Therefore, there are such as China Taiwan Patent Announcement No. CN1791810 and No. CN1745317, which all include a metal layer 17, a high refractive index layer 18 and a low refractive index layer 19, as shown in Figure 1B, and from top to bottom The sequence is a high refractive index layer 18, a low refractive index layer 19 and a metal layer 17 to form a reflector with a higher reflectivity, and when the reflector is used in a backlight device, the light emitted by its light-emitting surface is not large. Uniform light, such as light with residual lamp shadows, will produce brightness differences on the screen of the liquid crystal display device, deteriorating the picture quality. Therefore, such lighting devices are required to have good light emission quality with uniform luminance distribution over the entire light emitting surface.

Therefore, in order to achieve the luminous quality with uniform overall luminance distribution, a corrugated or mountain-shaped structure will be further formed on the reflector to diffuse the light; however, in the case of using the above-mentioned reflector, the reflector’s The shape is complex, and it is difficult to set an optimal shape for improving the light emission quality. There is also a problem that the reflector needs to be processed, and the positional relationship between the light source and the shape of the reflector needs to be set with high precision.

Contents of the invention

The main purpose of the present invention is to provide a reflective sheet, a manufacturing method of a reflector and applications thereof. The purpose is to provide a reflective sheet with a better reflectivity, so that it can be applied to lamp reflectors, backlight devices and liquid crystal display devices.
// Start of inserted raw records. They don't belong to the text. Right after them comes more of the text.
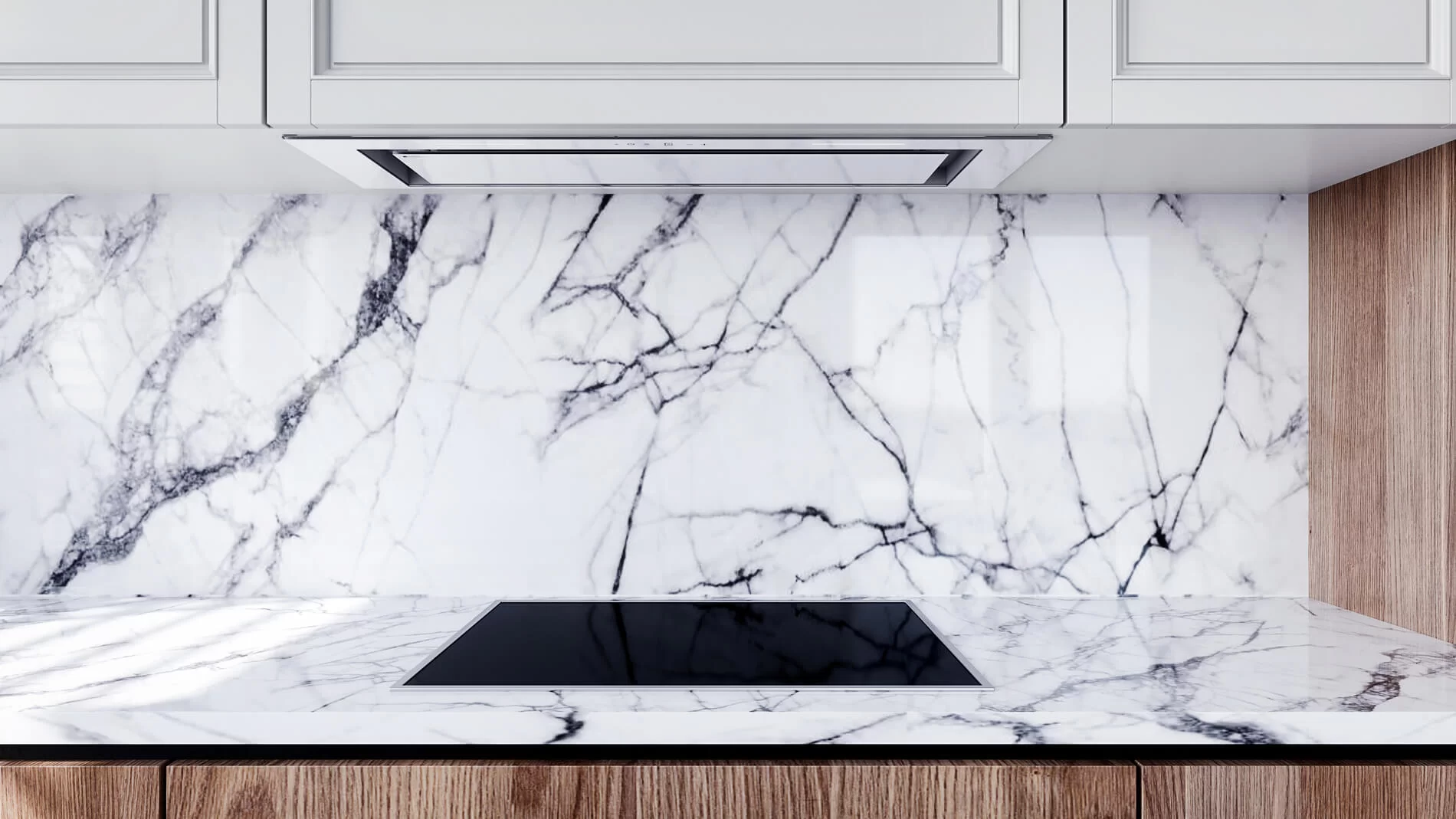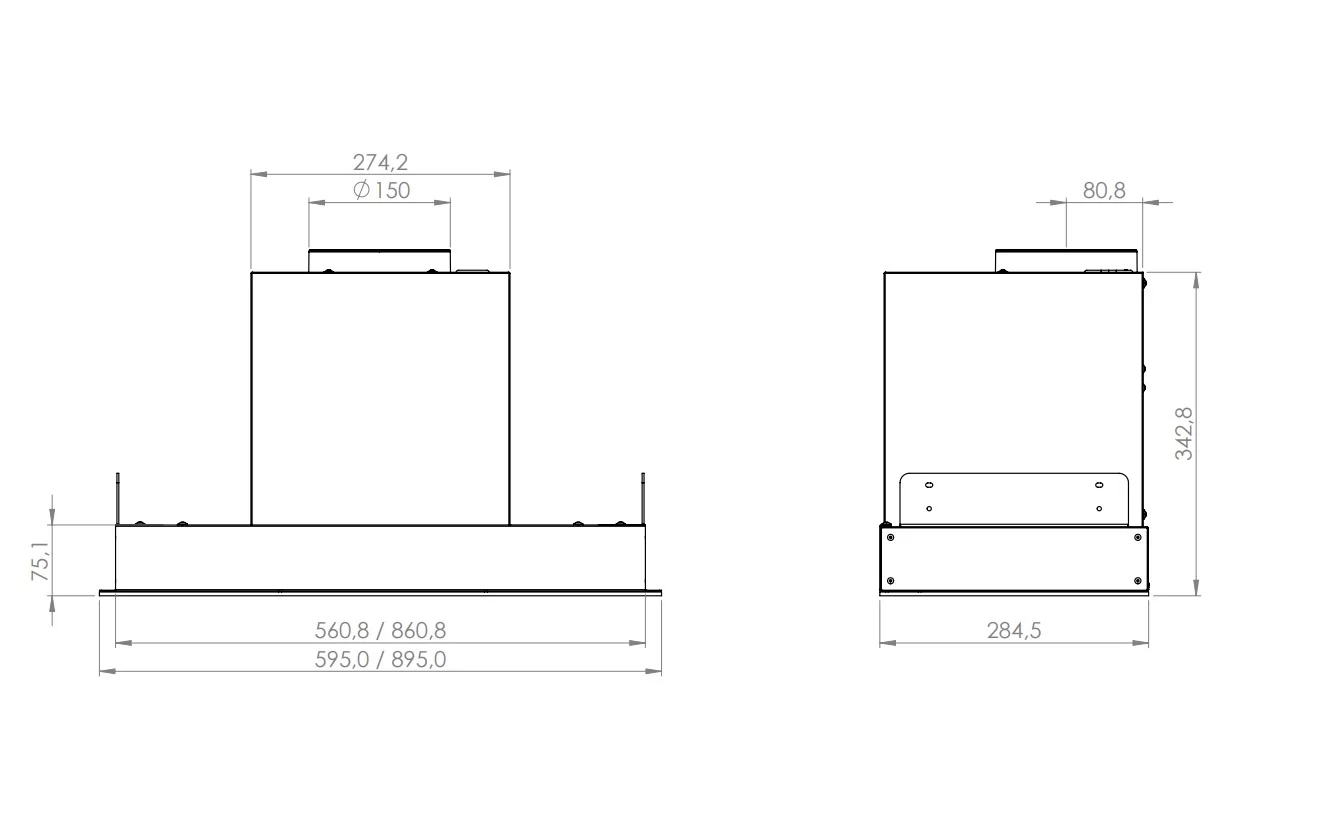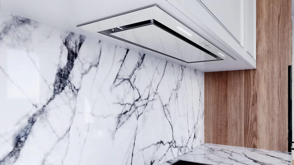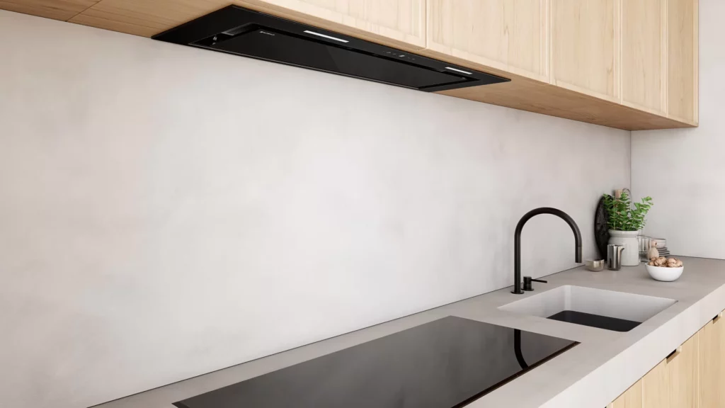 Okap bezsilnikowy do zabudowy, odpowiedni do połączenia z wentylatorem dachowym VILPE i działania w systemie Cichej Kuchni.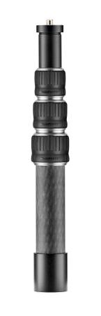 The VR Small Carbon Fibre Extension Boom is made of high quality carbon fibre, guaranteeing both maximum rigidity extreme lightness. Its 4 sections enable it to reach a maximum height of 80 cm, and it is only 33 cm when closed, which makes it easy to carry on 360° shoots. It holds up to 2 kg in its maximum vertical extension. The pole has a double interchangeable attachment on top: by simply screwing the upper disc, users can easily and rapidly move from a ¼” to a 3/8” male attachment, according to the type of 360° device they want to use on top of the boom. Thanks to their rubber grip, its strong and reliable twist-locks are easy to operate and guarantee maximum hold when the pole is extended. With its 3/8” female attachment at the bottom, it is perfect used in combination with the Manfrotto carbon fibre tripod or with the Manfrotto mini aluminium support, for both in indoor and outdoor shooting. It is ideal for tourism, festivals, surveys, construction planning, and many other applications. It provides a new, exciting perspective of landmarks and landscapes at elevated heights.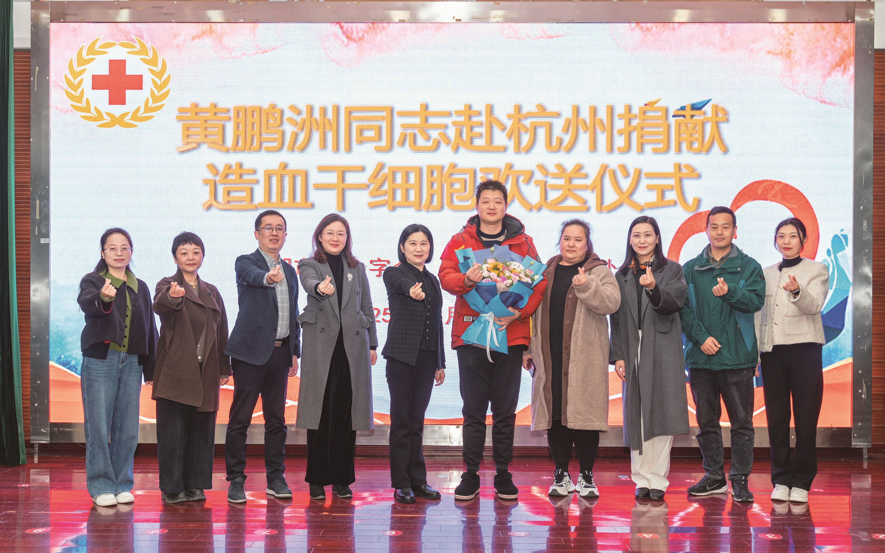 近日,一场简朴而温馨的欢送仪式在平湖市当湖街道办事处温暖举行。平湖市人民政府副市长宋怡玲,平湖市红十字会党组成员、副会长孙凤,当湖街道领导朱娜、顾晓鸣,当湖街道相关部门单位负责人、村社区红十字会会长及志愿者齐聚当湖街道办事处,共同为即将启程前往杭州捐献造血干细胞的黄鹏洲送上鼓励与祝福。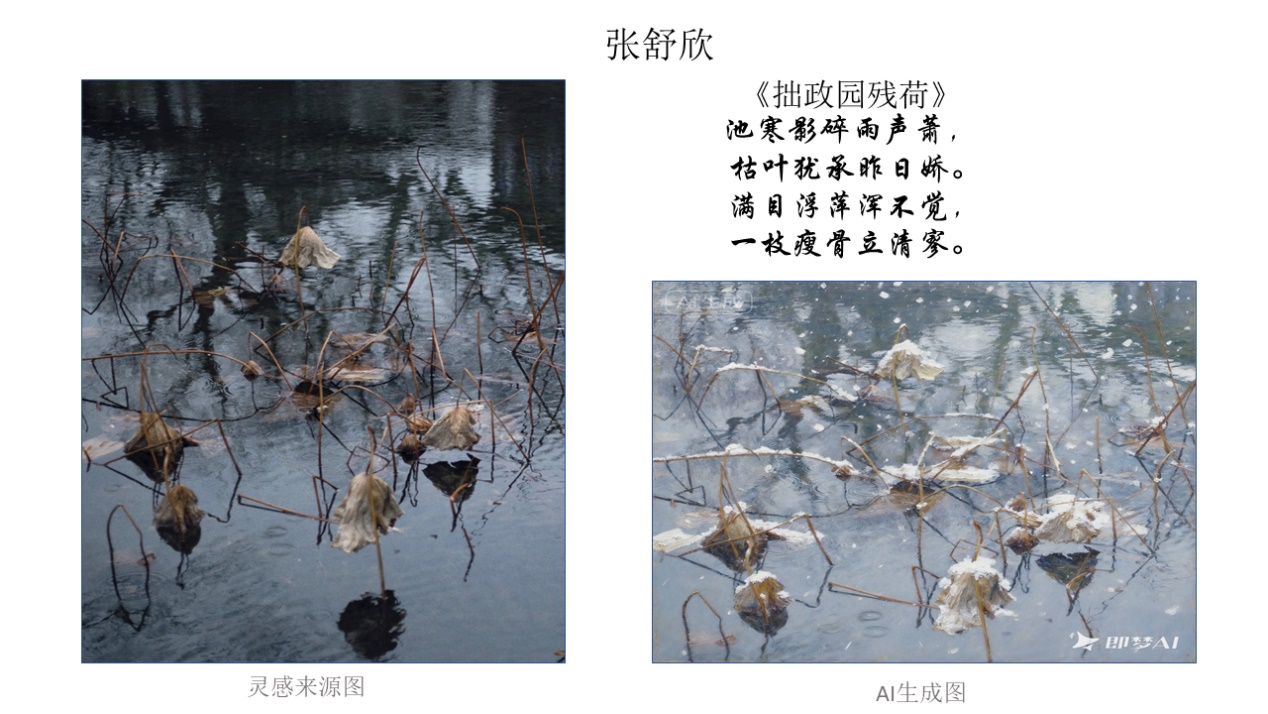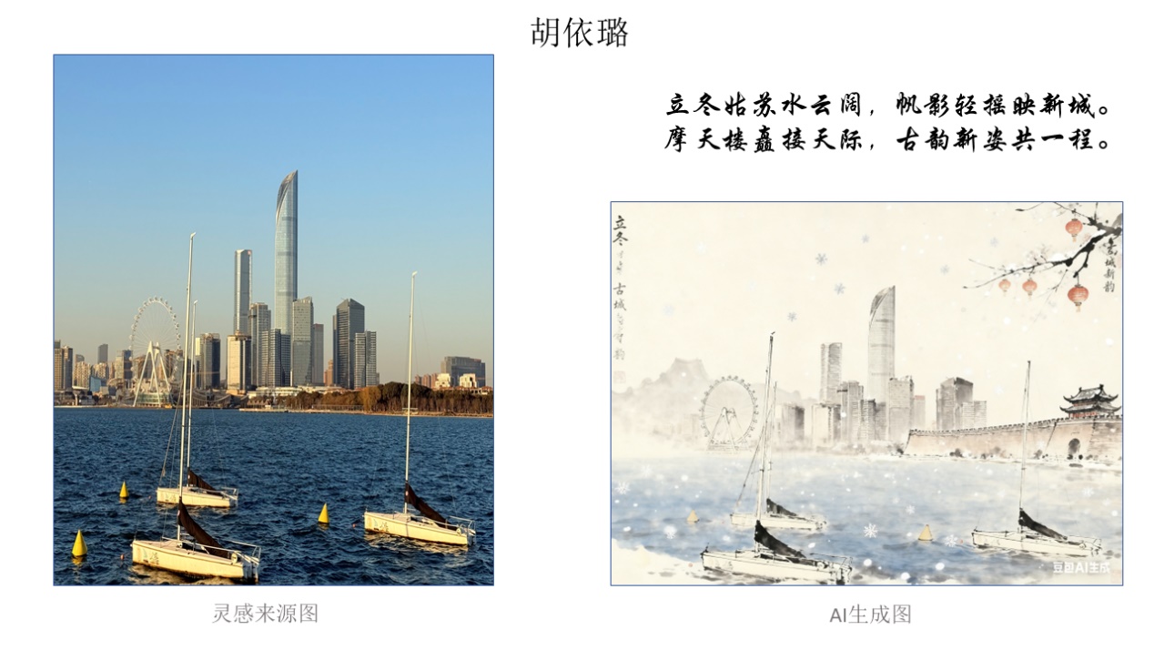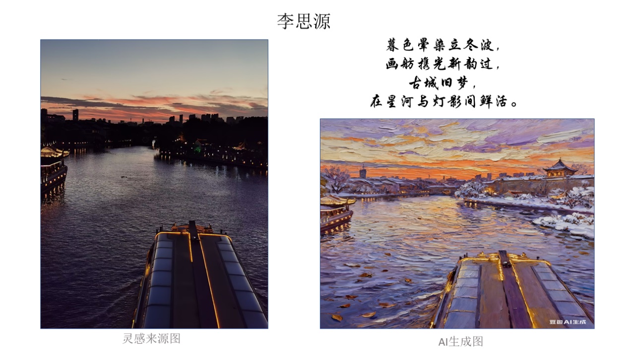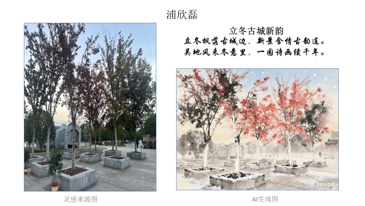 活动中,同学们走进平江路、拙政园等苏州街巷园林,用镜头捕捉立冬时节的气候变化与人文风貌。随后,大家借助DeepSeek、文心一言等AI工具,围绕“诗说冬踪”与“画意新编”两大方向进行创作,将实地拍摄转化为具有水墨、油画等风格的数字艺术作品,并融入诗词创作,深化了冬日意境的表达。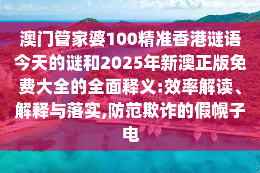 澳門管家婆100精準香港謎語今天的謎和2025年新澳正版免費大全的全面釋義:效率解讀、解釋與落實,防范欺詐的假幌子電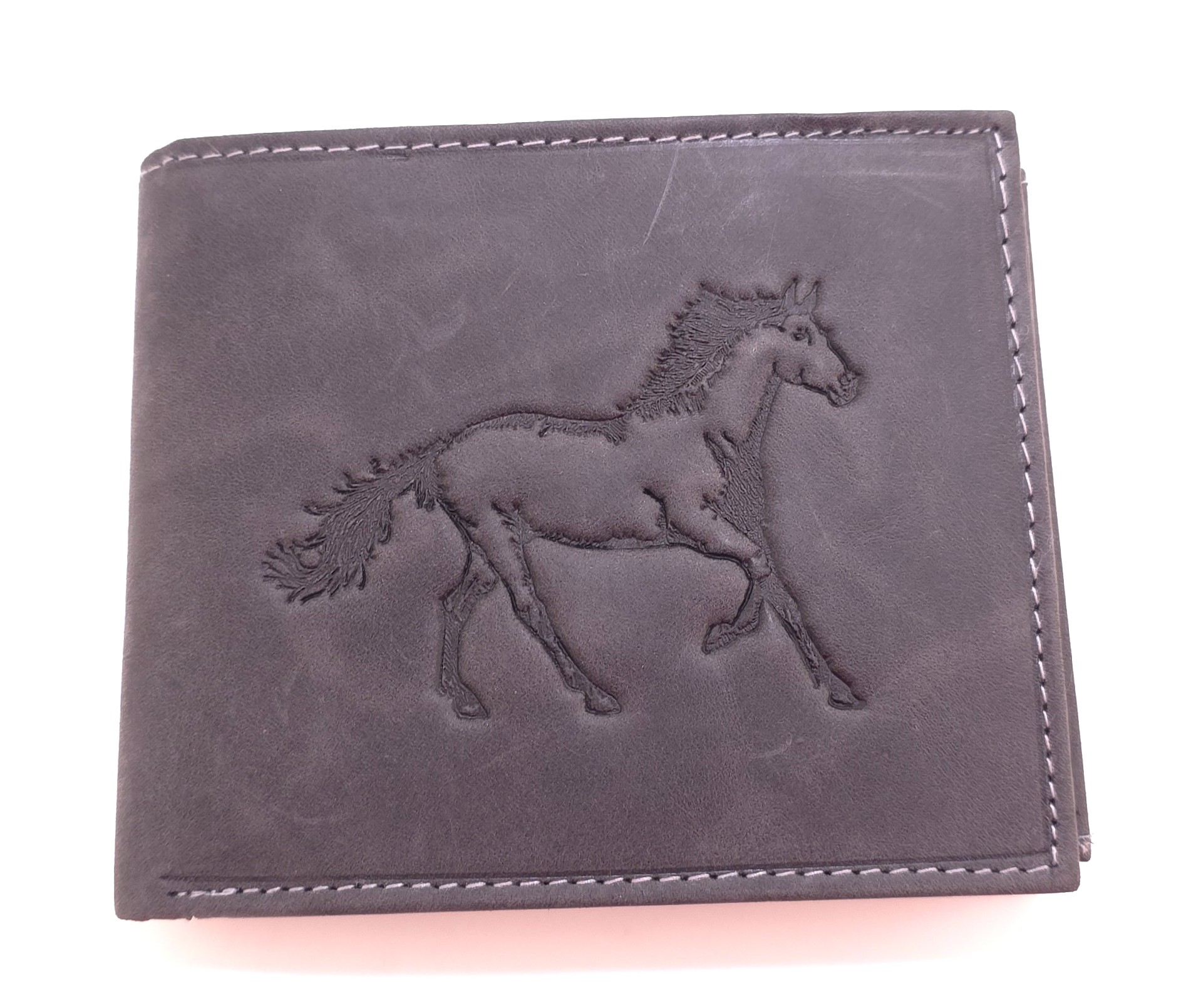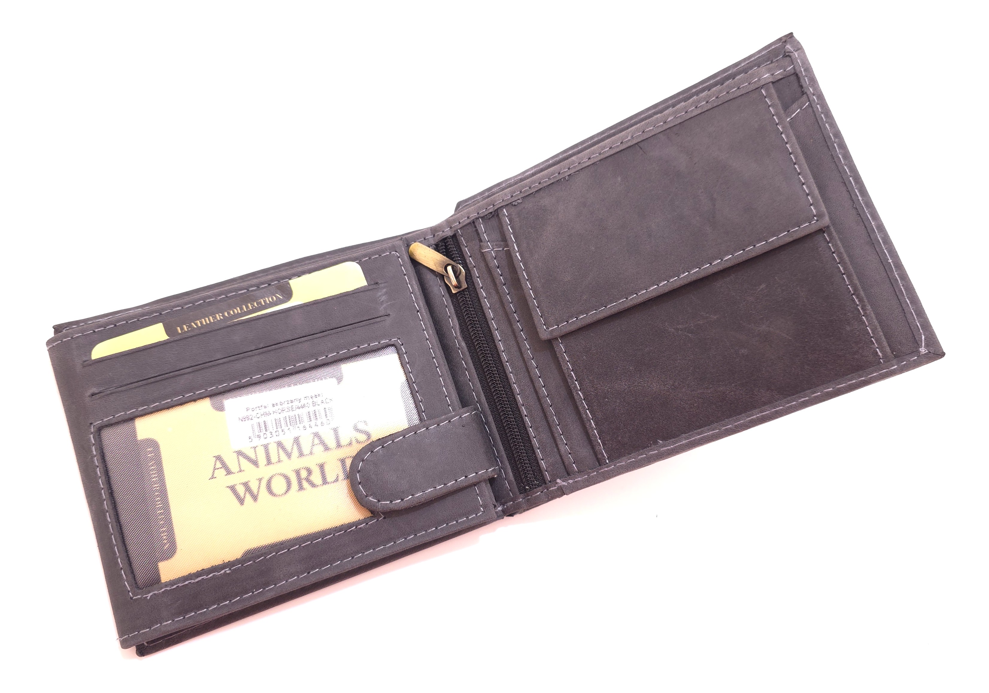 - Duży portfel męski z naturalnej skóry nubukowej o orientacji poziomej bez zapięcia zewnętrznego. Na froncie motyw konia. Wyposażony w system RFID.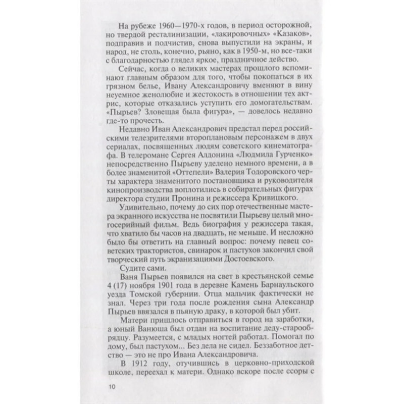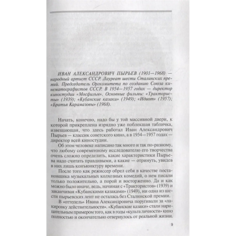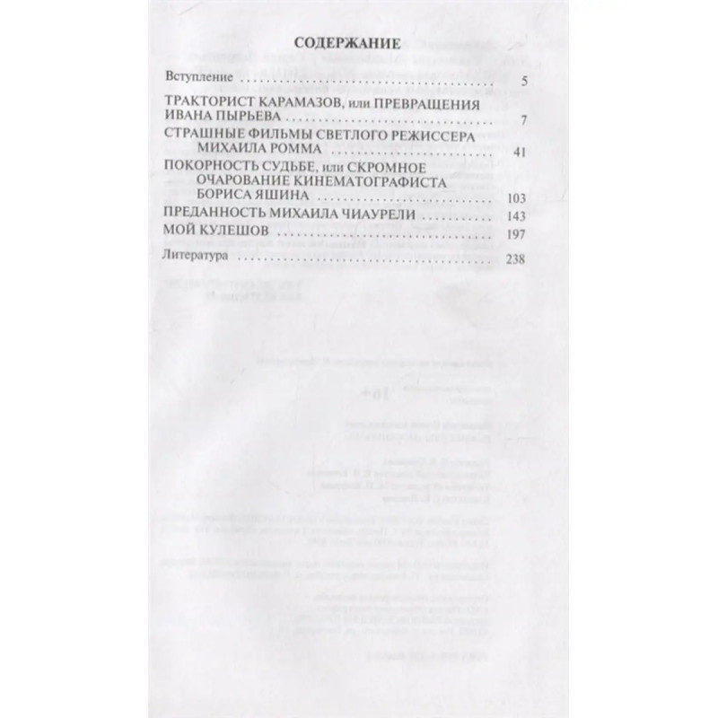 ISBN 9785235044531. Когда говорят о кино, прежде всего имеют в виду актеров. Между тем основной фигурой в создании фильма является режиссер. Лишь он может сделать картину выдающейся или заурядной. Артист способен что-то улучшить (если правильно подобран) или ухудшить (если постановщик ошибся в выборе исполнителя). В книге рассказывается о жизни и творчестве пяти замечательных режиссеров, подаривших нам удивительные киноленты, ставшие неотъемлемой частью жизни миллионов, и открывших нам блистательных артистов. Кто-то из героев книги искренне воспевал сомнительные явления. Кто-то потом каялся. Кто-то отказывался делать то, что противоречило его художественным устремлениям, и платил за это трагедией безвестности...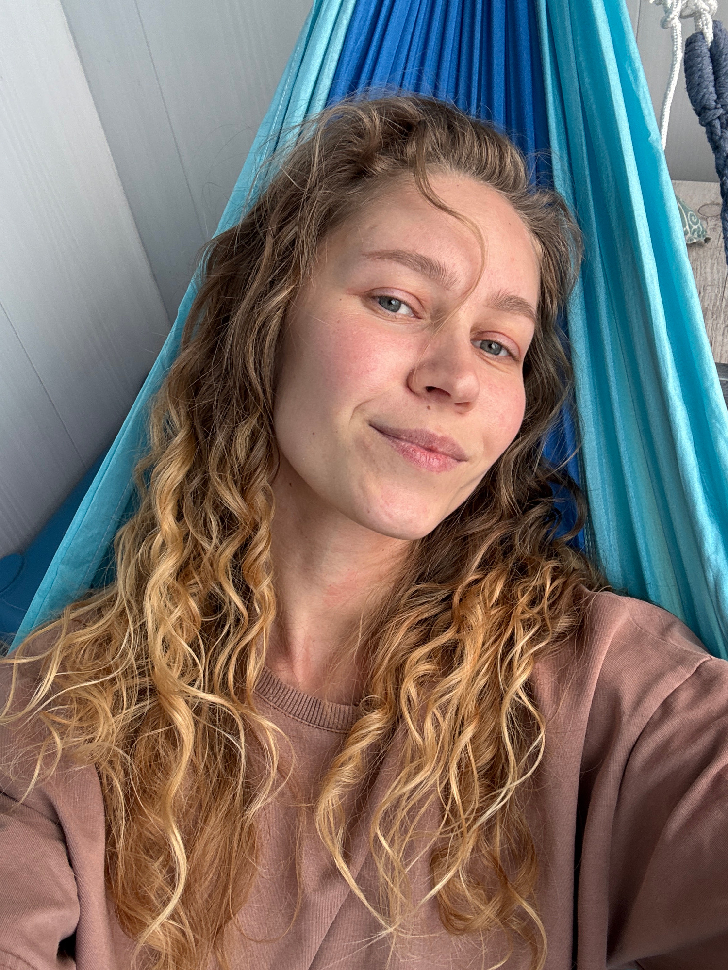 A woman with long, curly blonde hair is lying in a blue hammock. She is wearing a brown sweatshirt. The hammock is suspended near a light-colored wooden wall or surface. The location is unknown; there…read more

Obtain a reflective sheet with higher brightness.

To achieve the above disclosure purpose, the reflective sheet of the present invention mainly includes a base material, a metal layer, a multilayer reflector and a diffusion layer, and the multilayer reflector is provided with more than two reflective layers with different refractive indices, wherein the multilayer The multi-layer reflector is arranged on the upper surface of the metal layer, or a substrate can be arranged between the multilayer reflector and the metal layer, and the diffusion layer can be arranged on the lower surface of the substrate or the metal layer, through the metal layer and the multilayer reflection The body can have a better reflectivity (up to 95-98%) in a wide wavelength range (about 380-780nm), and the diffusion layer can be used to achieve the effect of light diffusion at the same time.

Description of drawings

FIG. 1 is a schematic structural diagram of a conventional edge-lit backlight module;

Fig. 2 is a schematic structural view of the reflecting sheet of the first embodiment of the present invention;

Fig. 3 is a schematic flow chart of the manufacturing steps of the reflective sheet in the first embodiment of the present invention;

Fig. 4 is a schematic structural view of the second embodiment of the reflection sheet in the present invention;

Fig. 5 is a schematic flow chart of the manufacturing steps of the reflective sheet in the second embodiment of the present invention;

FIG. 6 is a schematic structural view of a reflection sheet according to a third embodiment of the present invention;

7 is a schematic flow chart of the manufacturing steps of the reflective sheet in the third embodiment of the present invention;

8A and B are structural schematic diagrams of reflective sheets of the fourth and fifth embodiments of the present invention;

9A, B, and C are structural schematic diagrams of reflectors in the sixth, seventh, and eighth embodiments of the present invention;

10A and B are structural schematic diagrams of reflective sheets applied to lamp reflectors in the present invention;

11A and B are structural schematic diagrams of reflective sheets applied to edge-lit backlight devices in the present invention;

FIGS. 12A and 12B are structural schematic diagrams of the reflective sheet applied to the direct-lit backlight device of the present invention.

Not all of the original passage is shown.